Так, встраивая живописные произведения в технические занятия, Леонардо создает социальную утопию: находит равновесие между интеллектуальными и физиологическими потребностями социума. Всякая (или почти всякая) картина Леонардо не закончена именно потому, что находится внутри процесса проектирования. И в целом его творчество есть один большой незавершенный набросок – но это потому так, что его общее представление о замысле строго регламентировано. Будто бы нарочно, для того, чтобы потомкам было легче анализировать его метод, Леонардо оставляет незавершенной огромную доску «Поклонения волхвов» (сейчас в галерее Уффици, Флоренция). На картине мы буквально видим, как сложный архитектурный чертеж врастает в клубящийся рисунок человеческих фигур, а рисунок, в свою очередь, обрастает плотью живописи. Это все – единая субстанция – чертеж – рисунок – живопись, в этих элементах мироздания нет противоречия, они свободно перетекают один в другой.
Кстати сказать, наша уверенность в том, что эта работа не закончена, основана на мнении монахов Сан-Донато, но отнюдь не исключено, что революционный во многих аспектах живописи Леонардо придерживался иного мнения. Сочетание чертежа, рисунка и живописи – то есть зримо явленный нам проект – что может быть лучшим воплощением идеи Спасителя, явившегося в мир, которому пришли поклониться Каспар, Бальтазар и Мельхиор? Изображен движущийся проект, растущее дерево («Бог – растущий Баобаб» – как точно определила Цветаева в «Новогоднем», посвященном Рильке). И что же, если не задуманный проект, обозначает знаменитая полуулыбка Джоконды, беременной Богоматери, вынашивающей Иисуса, – уж она-то знает, чему улыбается. Растущий сам из себя проект – вот основная тема Леонардо. Человек есть микрокосм, подобный в своих сочленениях и органике мирозданию; механика есть органическая дисциплина, коренящаяся в природе, а не противоречащая ей; конструируя, человек усложняет природу и самого себя, постоянно совершенствуя свой собственный проект.
Леонардо прежде всего занимался проектированием.
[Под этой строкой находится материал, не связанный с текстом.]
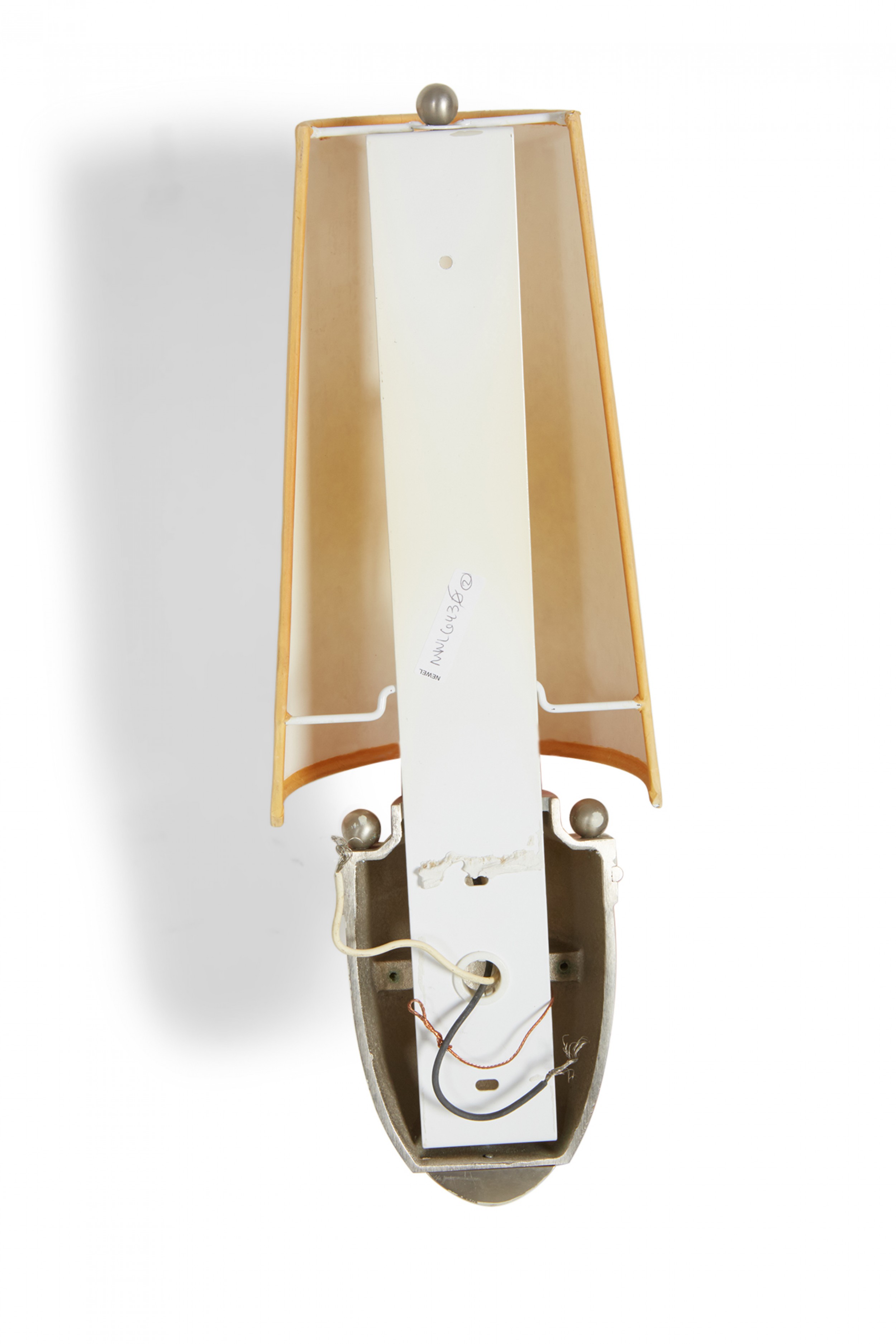 Mid-Century silver metal wall sconce with a rounded base with beaded trim and a tapered beige paper half-shade over a single light. (LOUIS BALDINGER & SONS ARCHITECTURAL LIGHTING)

Это подтверждается обилием кодексов, сводов рисунков, планов, чертежей, записей; листов около семи тысяч. Чертежей проектов создано в сотни раз больше, нежели картин масляными красками. Происходи это сегодня, нашелся бы бойкий куратор, который объявил бы эти листы автономным искусством, наподобие небрежных набросков Кристо. Но это не автономное искусство; перед нами именно проекты – и не условной нелепой затеи (кому и зачем нужно завернуть Рейхстаг в материю?), но самого важного на земле – построения справедливого общества. Назвать эти чертежи рисунками – значит оскорбить замысел Леонардо: он ведь старался построить общество, в котором нашлось бы место подлинному искусству; искусство в его глазах – это нечто особенное. Жанр листов, испещренных рисунками и записями, непросто определить – это и натурные зарисовки, и чертежи будущих машин, и наброски лиц, и анатомические штудии, и записи соображений по поводу науки или искусства, и указания технического свойства. Все вместе это не что иное, как проектирование. Если мысленно суммировать эти семь гигантских кодексов (Атлантический, Мадридский, Виндзорский, Лестерский, Тривульцио, Форстер, Арундела), то перед нами предстанет огромнейшее сочинение, связанное сюжетом – созданием проекта идеального общества.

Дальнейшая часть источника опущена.